Now, did Makee need to die for that? I think the story is going to wrestle with that for some time, and she’ll possibly become a bit like Halo 4/5‘s version of Cortana for Chief. Do we need another narrative with a big, burly, straight white guy being upset over a woman dying? Most definitely not. But this can serve as a good enough counterpoint to John’s internal sense of himself as a hero; let’s just hope it doesn’t turn him into a version of Final Fantasy VII: Advent Children’s Cloud Strife and see him mope about for another bunch of episodes.

That’s assuming John is even still with us.

The Master Chief, with his helmet on, looks to the camera.

Screenshot: Paramount / Microsoft / Kotaku

The fate of John is seriously uncertain. Without another couple of close readings of what was said and what happened by the end of this last episode, it’s hard to say “where” John is. I’m not entirely sure if Cortana did take over? Is he just stoically upset over his girlfriend getting shot? I don’t know! It’s thematically appropriate, however, for us to see John fade behind the helmet of the Master Chief, to become the mindless soldier the story (and most fans…) want or need him to be. While many viewers haven’t been happy about the show having so many helmless, suitless scenes, we at least got to see who is now potentially lost, instead of the plot just telling us that his humanity is at risk, which is what the games and books have mostly settled for.

“Wake up, John,” was a central theme in Halo 4‘s marketing and story, the hero fading into a slumber and being summoned when he’s needed. The first game begins with this theme, and it’s how the original trilogy ended. Halo has, in its greater context, been about cycles of civilization and conflict throughout history, with heroes playing pivotal roles rising and falling over the eons. Who they are, where they are, and “when” they are is often what makes the difference, and that the show is playing with this, I think, is what arguably makes it a true Halo adaptation and not merely the style of the games set to a different tune.

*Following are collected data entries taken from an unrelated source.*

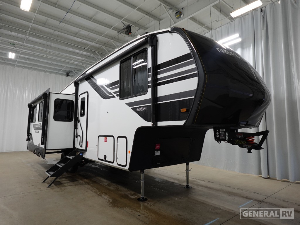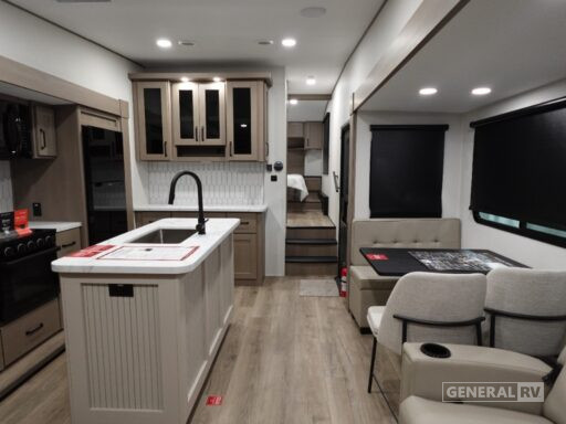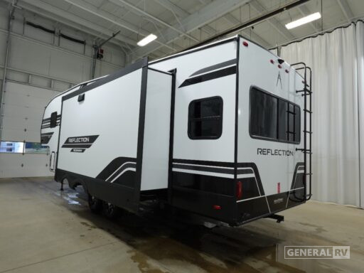 The front bedroom is your private sanctuary, boasting a cozy queen bed and ample storage space. The center bath is thoughtfully designed with a stylish plastic and glass shower. With two powered retractable awnings, you can extend your living space outdoors and enjoy the fresh air. The Reflection 150 Series is not only about comfort but also practicality, with generous fresh, gray, and black water capacities, ensuring your adventures are uninterrupted. Discover the ultimate travel companion at your nearest General RV dealership.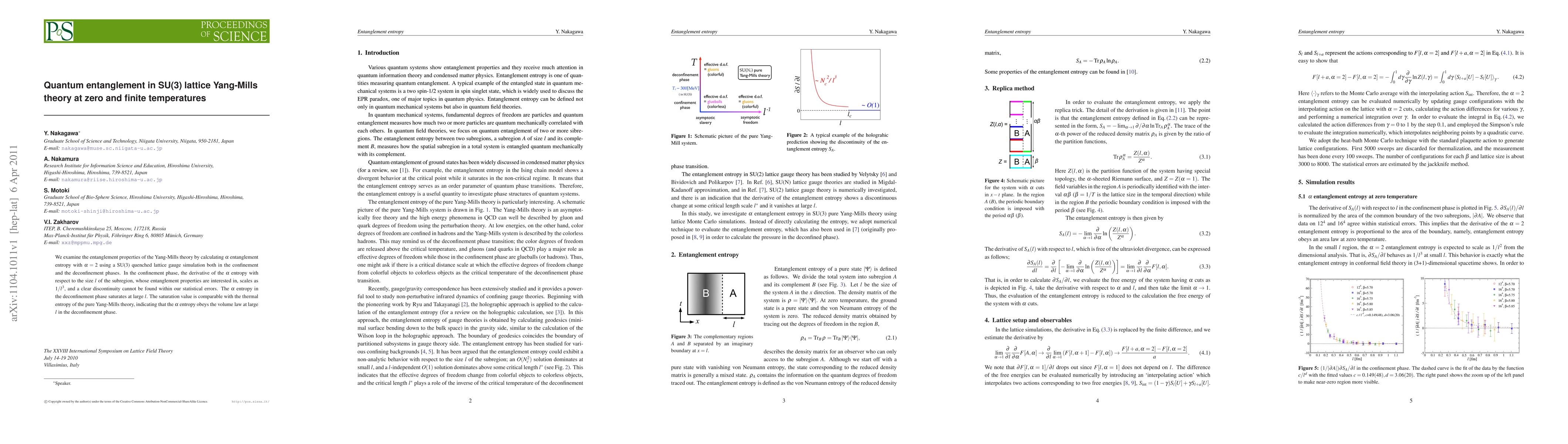 This research paper investigates entanglement properties in SU(3) lattice Yang-Mills theory at zero and finite temperatures, finding that the entropy scales with volume in the deconfinement phase.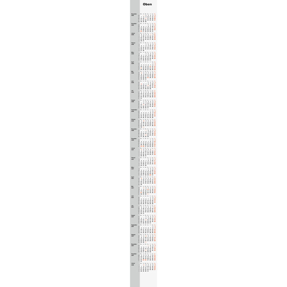 Das Ersatzkalendarium 2026/27 Modell Sequenz ist passend für Tischkalender Artikel-Nr. 7038000 und dient als praktischer Jahreswechsel-Einsatz. Mit einer Blattgröße von 9,4 × 132 cm (94 × 1320 mm) bietet es eine klare 3-Monats-Übersicht für das Kalenderjahr 2026 und 2027. Das Kalendarium ist in schwarz/rot gedruckt und überzeugt durch seine gute Lesbarkeit und strukturierte Darstellung.Ideal als Nachrüstlösung für bestehende Kalendermodelle, ermöglicht das Ersatzkalendarium eine einfache Aktualisierung ohne den kompletten Kalender austauschen zu müssen.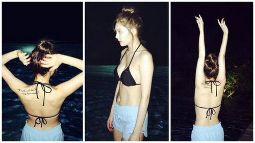 23歲的泫雅昨天看起來似乎是在戶外泳池戲水,她po出3張上半身穿著黑色比基尼、下半身套上藍(lán)色短褲的照片,還寫道:“度過一段美好的時光,好開心?!闭掌械乃裏o論是側(cè)面或背影,身材都完美得無懈可擊,難怪吸引逾11萬粉絲按贊。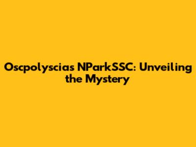Oscpolyscias NParkSSC: Unveiling The Mystery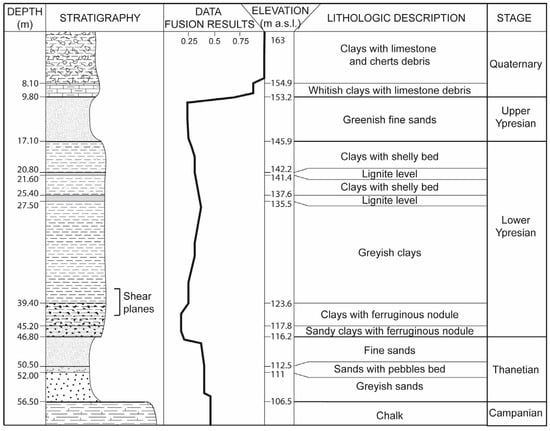 The comparison of the drilling core lithostratigraphy with the data of the geological map and other bibliographic references for this area shows that all the cenozoïc strata are found in their normal succession, although the boundary between the Thanetian and the Ypresian formations and the one between the Lower Ypresian and the Upper Ypresian formations are difficult to determine here. Moreover, the Lower Ypresian formation is 28 m thick in the borehole, while its maximum thickness is normally 25 m [41]. Conversely, the thickness of the Upper Ypresian, 7 m, seems a little weak. The five shear planes that follow one another between a depth of 37.5 m and 42 m might explain these thickness anomalies (Figure 8). The combination of the drilling core description and the geophysical data makes it possible to define the different elements of the data fusion tomogram. The discontinuities identified through geophysics (Figure 7e) are clearly associated with facies changes (Figure 8) and can be extrapolated to the entire profile.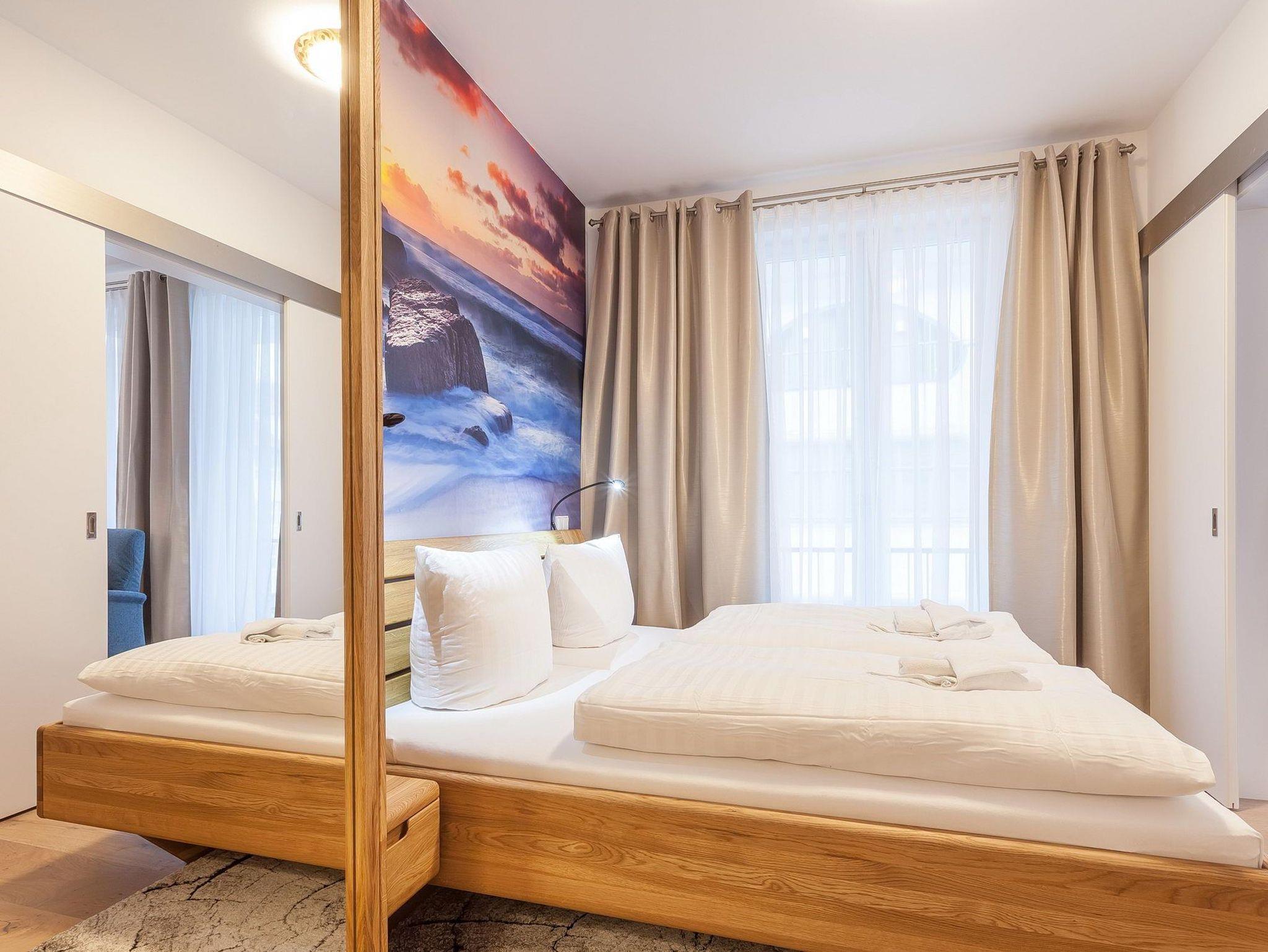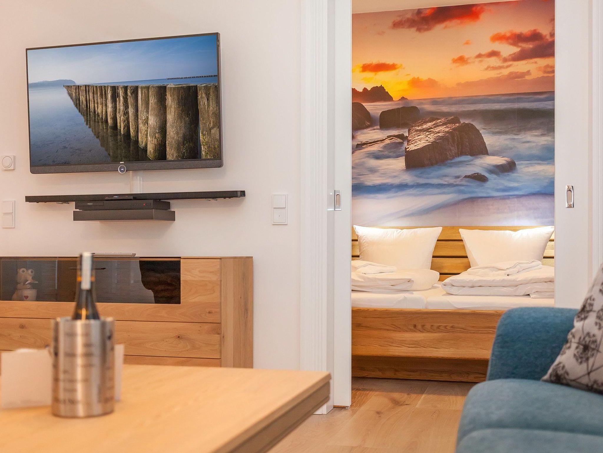 Rügenurlaub high-end! Im zweiten Obergeschoss des FIRST Sellin, mit faszinierendem Blick auf das Blau des Meeres und Sellins Flaniermeile, die Wilhelmstraße, begrüßt Sie mit Erstbezug das Appartement Wellentraum.

That said, this season has struggled to juggle its many plot threads, one of which it ended with a bullet through Makee. Between the Keyes family drama, the Ha family secrets, Soren, Catherine Halsey’s bullshit, and all of the Spartan stuff, there’s so much on the table that I’m not sure the show can give it all the care it deserves, as we saw with Kwan’s scenes amounting to little more than her just repeating the same lines over and over and getting mad at everyone. It almost felt as if the character herself was breaking the fourth wall and demanding better pacing and writing. We’re bound to see some of these current stories fade away or take strange turns, as we did, for example, in Battlestar Galactica and Fringe.

Now that the location of the Halo rings has been revealed (I think?) it will be interesting to see where season two takes this source material and these narratives. And I think the most interesting aspect of the experiment that is the Halo show, at least for me, is that I’ve come to be entertained enough by this collection of nine episodes to want to see where they go with it. The actors are a good fit and the show’s adapting the themes well enough for the format. It’s just a question of whether it can reach the mythos’ larger story beats in any sort of satisfying manner. And from the looks of things, the answer to that question might be much further out than we would wish.